Exercise objective:
Shown below are entries with pictures; the line with "Scena tą vakarą" through the line with "La classe 2^" is the span to retype exactly, and the pictures stay out.

Given data:
== Segment start ==
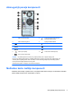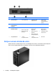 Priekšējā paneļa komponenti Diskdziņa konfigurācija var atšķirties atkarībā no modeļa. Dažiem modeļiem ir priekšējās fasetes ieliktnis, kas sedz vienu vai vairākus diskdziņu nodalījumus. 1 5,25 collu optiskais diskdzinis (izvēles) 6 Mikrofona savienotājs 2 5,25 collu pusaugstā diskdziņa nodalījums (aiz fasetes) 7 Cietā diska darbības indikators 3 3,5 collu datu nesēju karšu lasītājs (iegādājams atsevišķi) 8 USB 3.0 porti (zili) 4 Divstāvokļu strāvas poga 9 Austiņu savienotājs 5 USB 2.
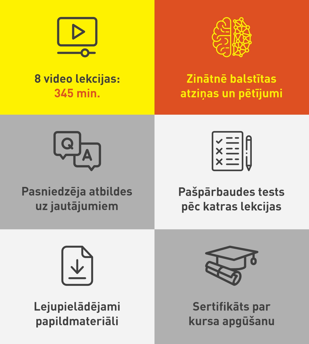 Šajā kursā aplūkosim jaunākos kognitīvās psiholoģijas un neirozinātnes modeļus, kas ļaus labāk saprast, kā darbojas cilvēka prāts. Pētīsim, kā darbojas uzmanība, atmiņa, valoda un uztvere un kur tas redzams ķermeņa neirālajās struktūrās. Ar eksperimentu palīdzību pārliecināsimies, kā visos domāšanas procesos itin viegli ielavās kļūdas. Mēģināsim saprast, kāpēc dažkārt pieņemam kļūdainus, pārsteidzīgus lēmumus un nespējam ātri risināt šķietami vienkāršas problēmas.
== Segment end ==
== Segment start ==
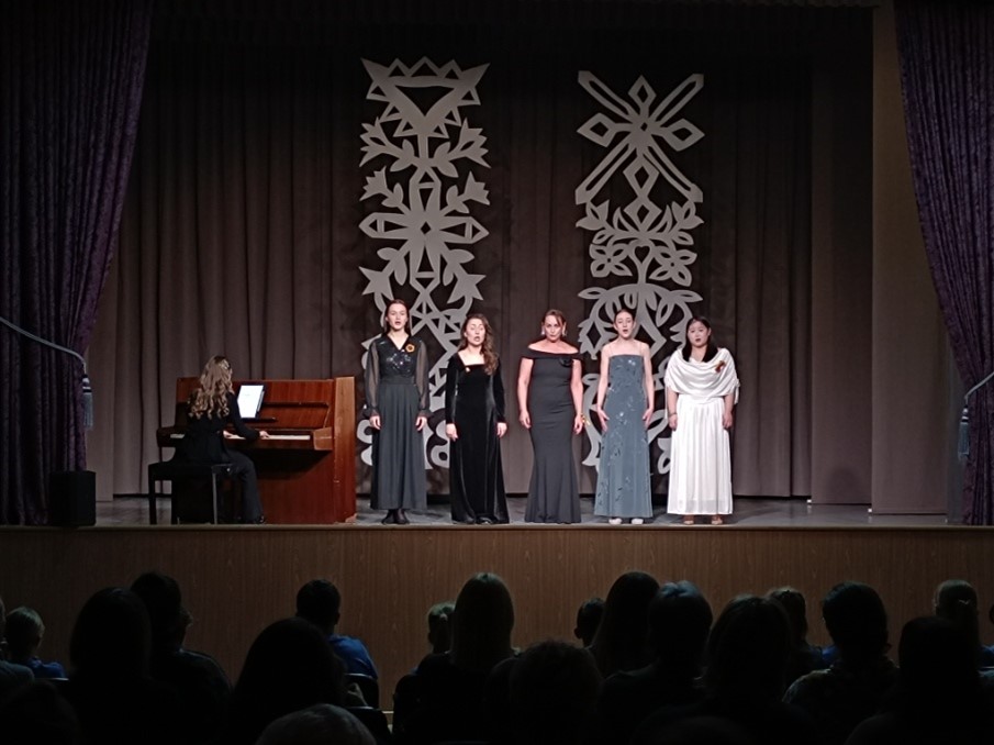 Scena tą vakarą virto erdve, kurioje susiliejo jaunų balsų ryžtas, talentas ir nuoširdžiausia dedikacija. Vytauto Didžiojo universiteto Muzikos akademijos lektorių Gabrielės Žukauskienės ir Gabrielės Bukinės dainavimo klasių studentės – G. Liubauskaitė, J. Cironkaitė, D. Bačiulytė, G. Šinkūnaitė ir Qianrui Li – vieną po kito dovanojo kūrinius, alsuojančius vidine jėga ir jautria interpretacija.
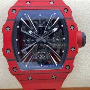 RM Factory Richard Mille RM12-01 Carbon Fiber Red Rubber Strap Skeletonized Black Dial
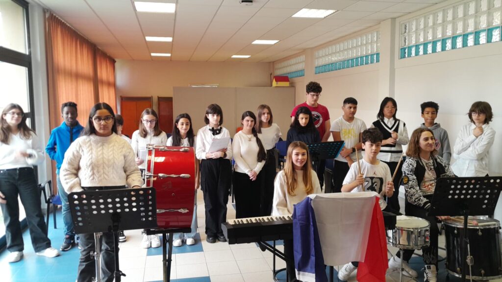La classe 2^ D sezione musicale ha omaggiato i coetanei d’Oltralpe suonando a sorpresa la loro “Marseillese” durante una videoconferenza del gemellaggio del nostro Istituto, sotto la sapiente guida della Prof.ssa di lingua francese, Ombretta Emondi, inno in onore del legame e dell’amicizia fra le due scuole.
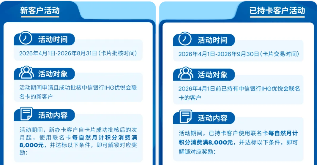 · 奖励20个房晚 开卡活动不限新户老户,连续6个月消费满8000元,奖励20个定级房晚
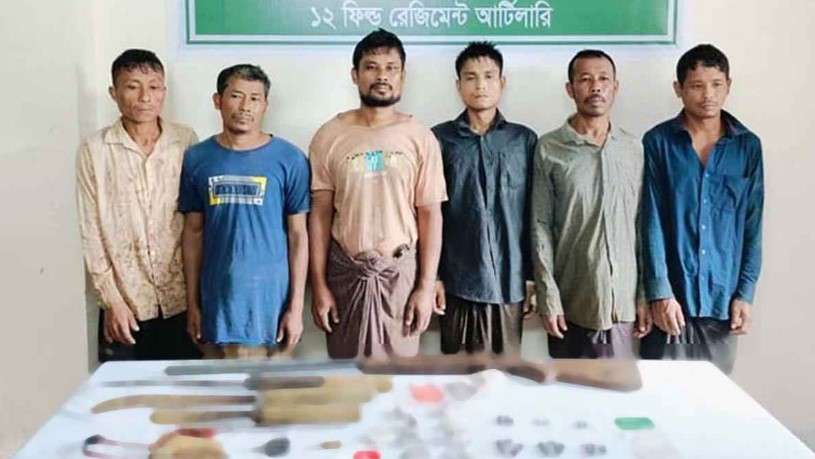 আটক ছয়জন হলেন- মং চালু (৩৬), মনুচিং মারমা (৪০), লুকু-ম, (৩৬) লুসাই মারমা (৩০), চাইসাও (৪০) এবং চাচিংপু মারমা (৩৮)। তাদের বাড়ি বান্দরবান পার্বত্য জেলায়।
== Segment end ==
Reply to the exercise:
 Scena tą vakarą virto erdve, kurioje susiliejo jaunų balsų ryžtas, talentas ir nuoširdžiausia dedikacija. Vytauto Didžiojo universiteto Muzikos akademijos lektorių Gabrielės Žukauskienės ir Gabrielės Bukinės dainavimo klasių studentės – G. Liubauskaitė, J. Cironkaitė, D. Bačiulytė, G. Šinkūnaitė ir Qianrui Li – vieną po kito dovanojo kūrinius, alsuojančius vidine jėga ir jautria interpretacija.
 RM Factory Richard Mille RM12-01 Carbon Fiber Red Rubber Strap Skeletonized Black Dial
La classe 2^ D sezione musicale ha omaggiato i coetanei d’Oltralpe suonando a sorpresa la loro “Marseillese” durante una videoconferenza del gemellaggio del nostro Istituto, sotto la sapiente guida della Prof.ssa di lingua francese, Ombretta Emondi, inno in onore del legame e dell’amicizia fra le due scuole.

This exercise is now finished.